If you read about fantasy football for long enough, you'll eventually encounter the phrase "regression to the mean."  It's statistician speak for "things  even out over time."  All the phrase really means is that over a small sample size, extreme events are more likely to occur than they are over a longer period.  Landing on heads 80% of the time on five coin flips is much more likely than it is on 50 coin flips.  And a sixteen-game NFL season is a small sample size.

So how -- and why -- does regression to the mean work for fantasy football?

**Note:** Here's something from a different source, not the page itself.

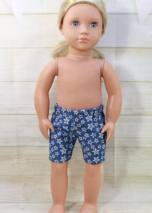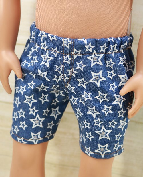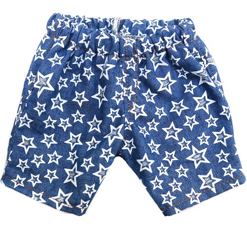 Denim shorts with an elastic waist for easy dressing. Has a fake zipper opening in the front  and top stitch on the side seams to look like a real denim shorts.

Let's create a hypothetical quarterback named Brew Drees.  Suppose that over every four-game sample, Drees will average either 250 or 350 passing yards per game, giving him either 1,000 or 1400 yards in every set of four games.  Over a long sample, Brew Drees would be expected to average 4800 passing yards in a season (assuming good health).  However, let's assume that whether he averages 250 or 350 yards is completely out of Drees' control.  It is essentially a coin flip as to whether he produces 1,000 or 1,400 passing yards in every quarter of the season.  This means that occasionally, Drees will pass for as many as 5,600 yards or as few as 4,000 yards, with the result being entirely the result of chance. In fact, Drees can have 16 different possible season ending totals, assuming the order in which he gains his yards matters:

Games 1--4Games 5--8Games 9--12Games 13--16Total
1400 1400 1400 1400 5600
1000 1400 1400 1400 5200
1400 1000 1400 1400 5200
1400 1400 1000 1400 5200
1400 1400 1400 1000 5200
1000 1000 1400 1400 4800
1000 1400 1000 1400 4800
1000 1400 1400 1000 4800
1400 1000 1000 1400 4800
1400 1000 1400 1000 4800
1400 1400 1000 1000 4800
1000 1000 1000 1400 4400
1000 1000 1400 1000 4400
1000 1400 1000 1000 4400
1400 1000 1000 1000 4400
1000 1000 1000 1000 4000

So how often will each season-ending total occur (assuming the order in which he gained his yards doesn't matter)?

5600 yards ------->1/16
5200 yards ------->4/16
4800 yards ------->6/16
4400 yards ------->4/16
4000 yards ------->1/16

The mode -- the result occuring most often -- is 4800 yards.  That's what the median (middle result) and mean (average result) are, too.  Seven out of every eight times, Brew Drees will finish with between 4400 and 5200 yards. Once every eight times, however, we'll see a crazy result of either 4,000 yards of 5,600 yards.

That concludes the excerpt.